_PROVIDED ENTRIES_
──────────

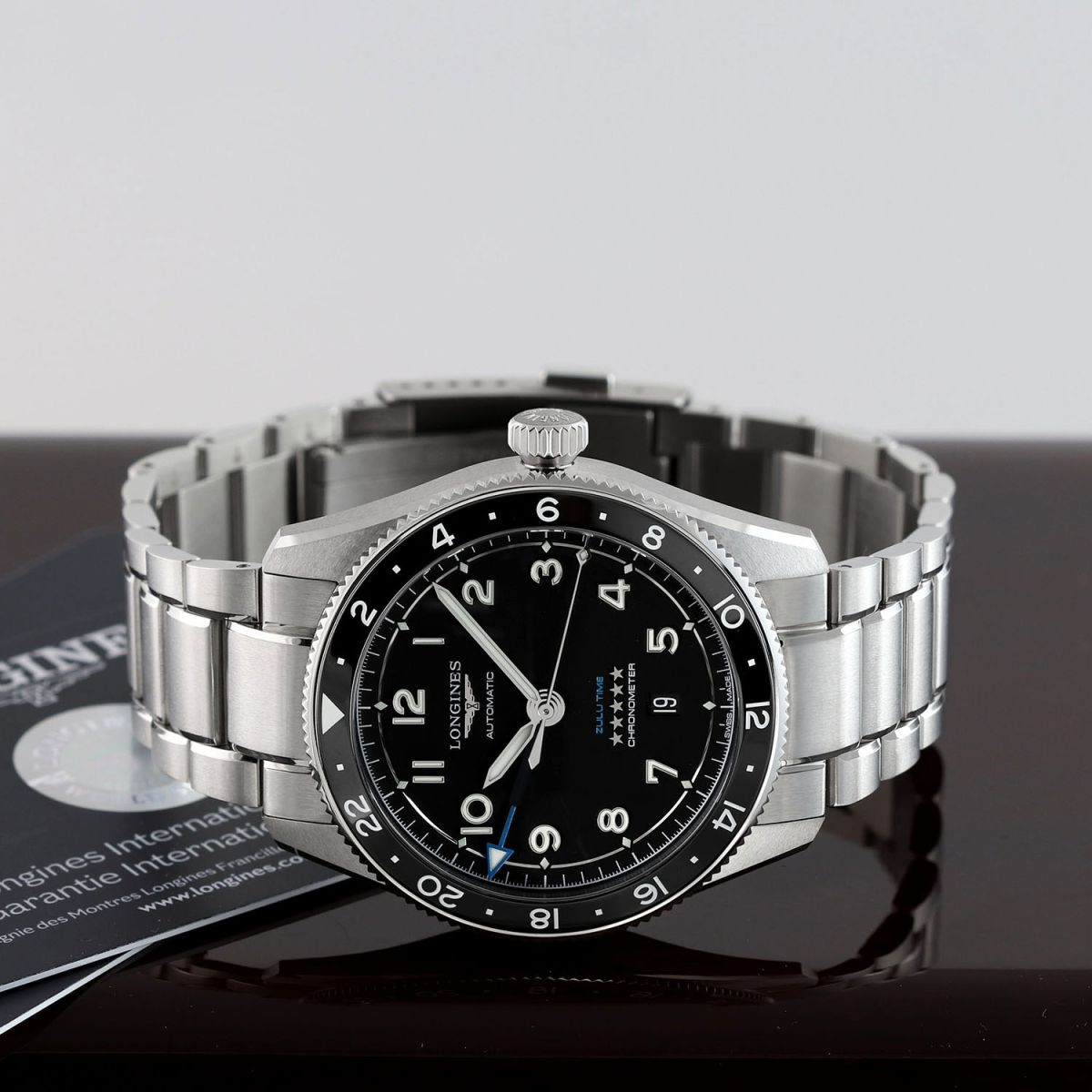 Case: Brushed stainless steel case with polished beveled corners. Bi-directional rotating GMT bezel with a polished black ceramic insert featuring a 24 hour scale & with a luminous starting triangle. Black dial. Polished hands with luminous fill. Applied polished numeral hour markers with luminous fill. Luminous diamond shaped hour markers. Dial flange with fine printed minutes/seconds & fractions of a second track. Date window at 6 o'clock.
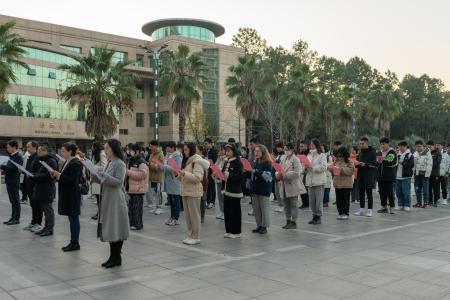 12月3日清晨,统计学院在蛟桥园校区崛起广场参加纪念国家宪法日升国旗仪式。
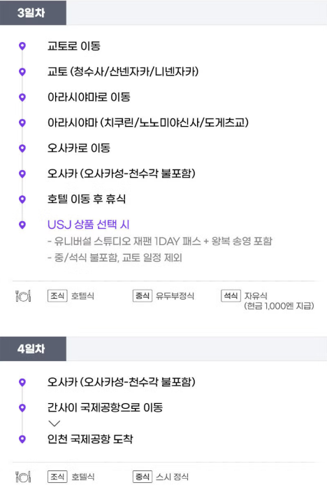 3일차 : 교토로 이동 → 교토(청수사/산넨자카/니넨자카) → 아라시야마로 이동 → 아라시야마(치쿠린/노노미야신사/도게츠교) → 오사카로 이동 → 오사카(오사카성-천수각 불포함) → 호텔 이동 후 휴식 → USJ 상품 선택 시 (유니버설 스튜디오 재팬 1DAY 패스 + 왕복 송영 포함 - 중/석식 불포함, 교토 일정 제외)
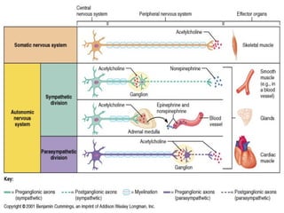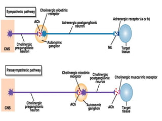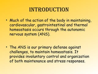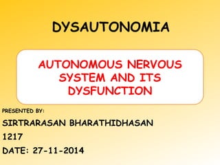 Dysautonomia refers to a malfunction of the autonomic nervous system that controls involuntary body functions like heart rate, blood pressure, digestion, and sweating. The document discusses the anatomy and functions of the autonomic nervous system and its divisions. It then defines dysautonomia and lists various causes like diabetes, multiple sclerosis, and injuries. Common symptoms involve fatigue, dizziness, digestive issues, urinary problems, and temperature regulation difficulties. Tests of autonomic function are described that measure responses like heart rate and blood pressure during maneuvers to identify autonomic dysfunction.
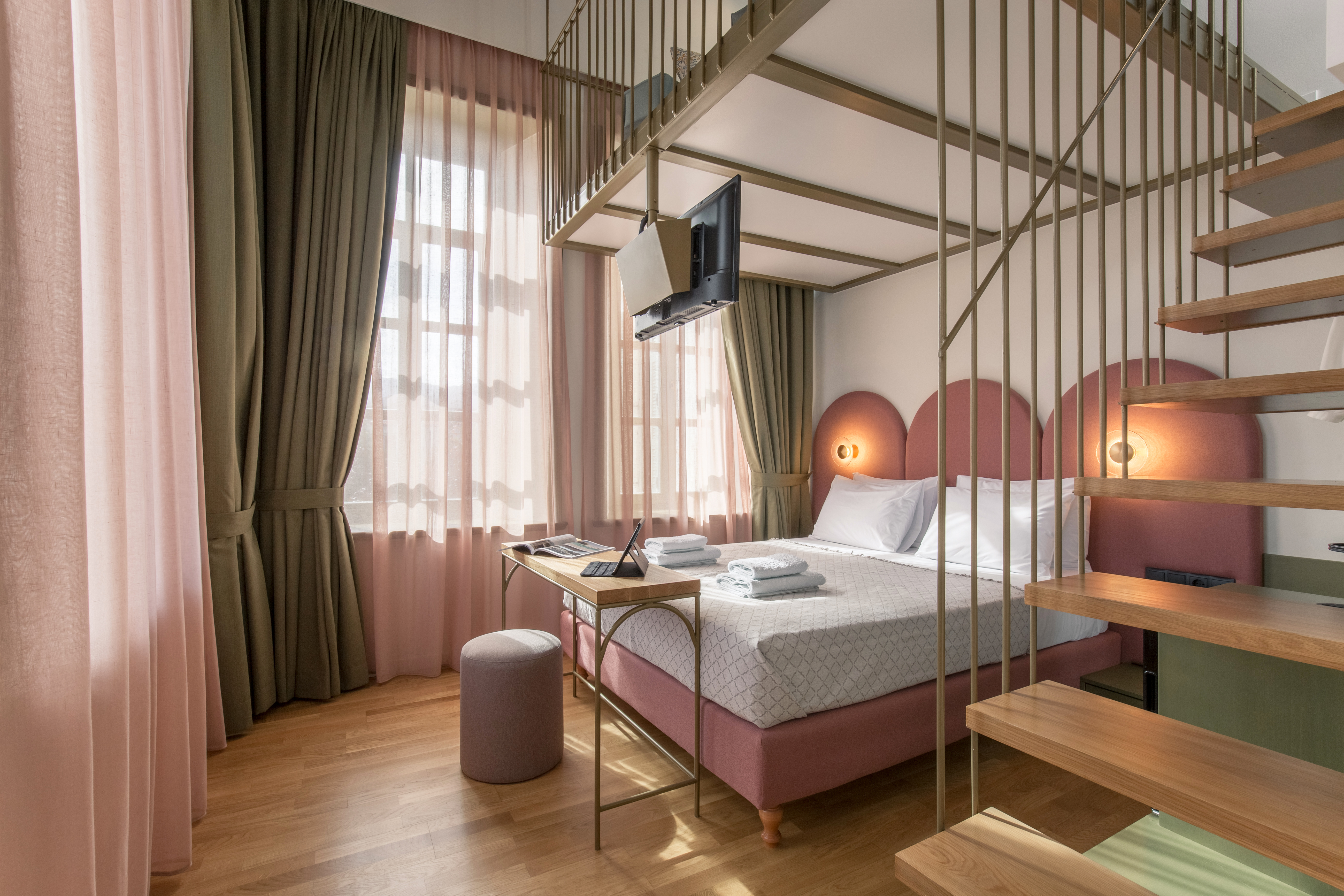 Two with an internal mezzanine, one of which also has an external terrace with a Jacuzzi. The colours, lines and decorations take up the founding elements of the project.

──────────

Copy nothing but the lines above from the one with "12月3日清晨,统计学院在蛟桥园校区崛起广场参加纪念国家宪法日升国旗仪式。" to the one with "3일차 : 교토로 이동", inclusive, word for word. Leave every picture out.

 12月3日清晨,统计学院在蛟桥园校区崛起广场参加纪念国家宪法日升国旗仪式。
 3일차 : 교토로 이동 → 교토(청수사/산넨자카/니넨자카) → 아라시야마로 이동 → 아라시야마(치쿠린/노노미야신사/도게츠교) → 오사카로 이동 → 오사카(오사카성-천수각 불포함) → 호텔 이동 후 휴식 → USJ 상품 선택 시 (유니버설 스튜디오 재팬 1DAY 패스 + 왕복 송영 포함 - 중/석식 불포함, 교토 일정 제외)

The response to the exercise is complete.